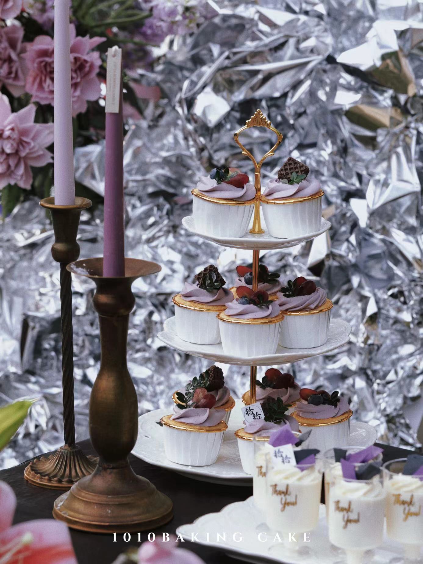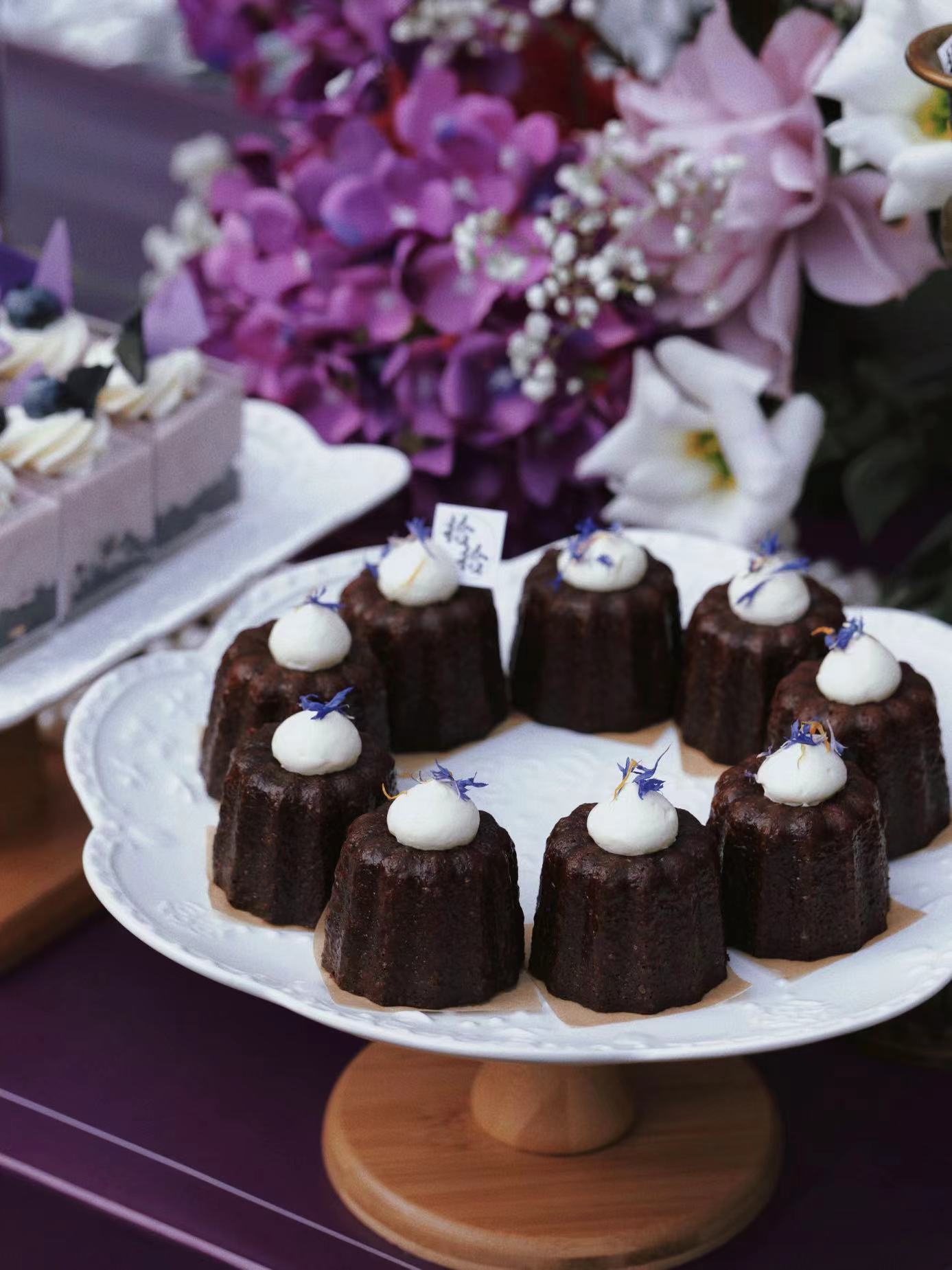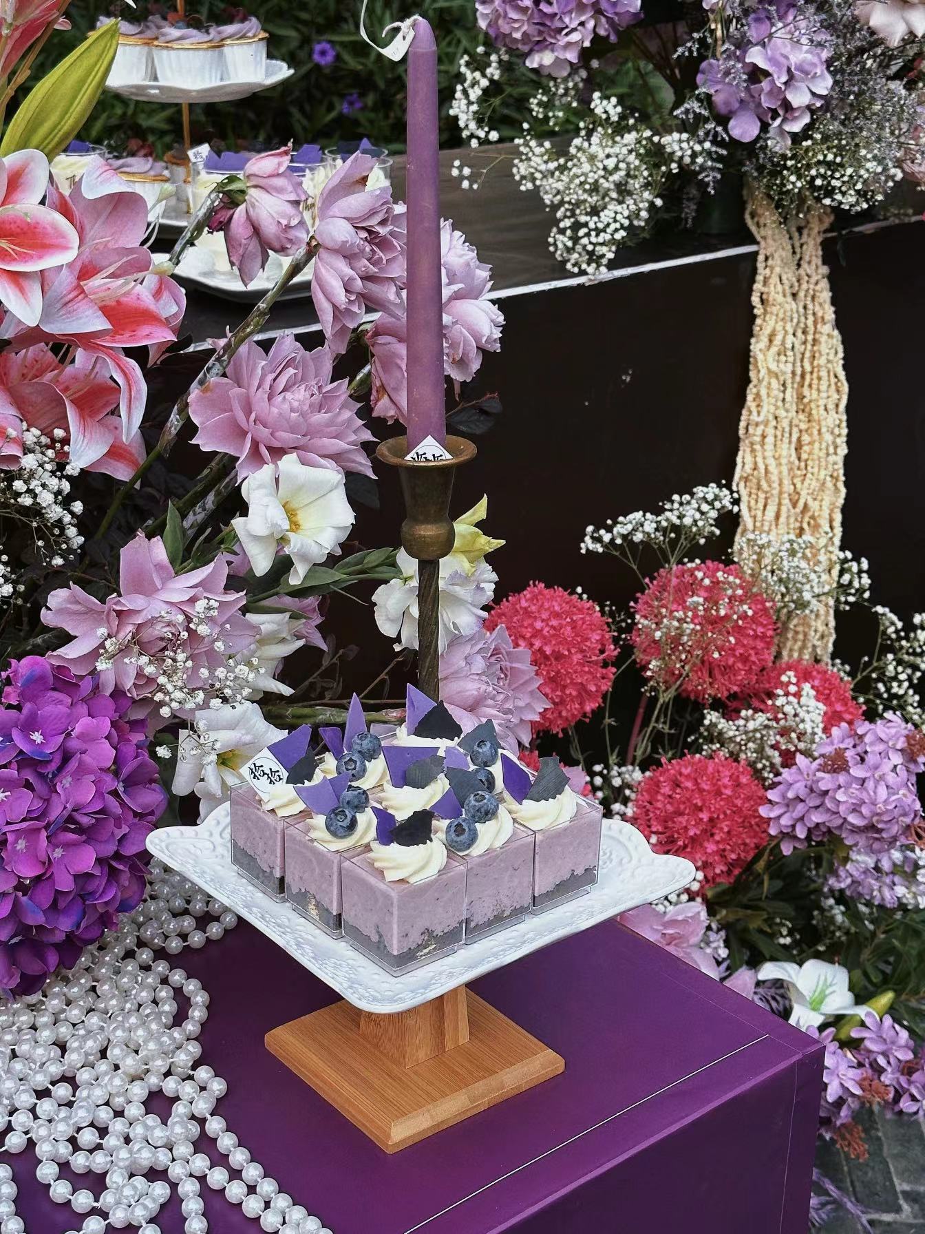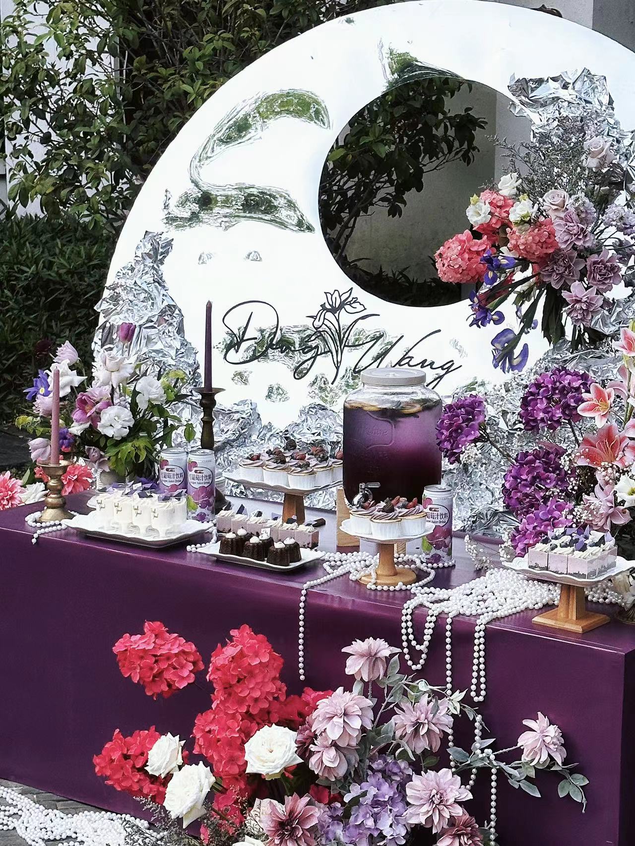 「紫黑主题·中海汤泉」户外婚礼甜品台案例
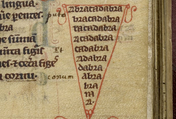 See the first recorded mention of "abracadabra," as a cure for malaria, in Quintus Serenus, Liber medicinals. Courtesy the British Library Board
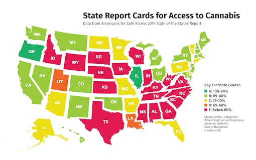 That contrasts with the frustrating stasis happening in Texas and throughout the Southeast—all of which got Fs. Guam got a C, by the way.Looking for Medical Cannabis?
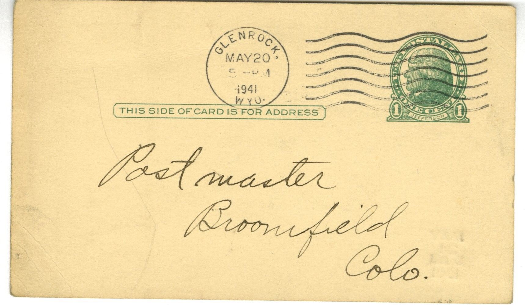 Postcard addressed to "Postmaster, Broomfield, Colo." Postage stamp, green, 1c. Postal stamp from Glenrock, Wyo. May 20, 1941.

### To do
Copy the material above in full and exactly, skipping pictures.

### Exercise response
 「紫黑主题·中海汤泉」户外婚礼甜品台案例
 See the first recorded mention of "abracadabra," as a cure for malaria, in Quintus Serenus, Liber medicinals. Courtesy the British Library Board
 That contrasts with the frustrating stasis happening in Texas and throughout the Southeast—all of which got Fs. Guam got a C, by the way.Looking for Medical Cannabis?
 Postcard addressed to "Postmaster, Broomfield, Colo." Postage stamp, green, 1c. Postal stamp from Glenrock, Wyo. May 20, 1941.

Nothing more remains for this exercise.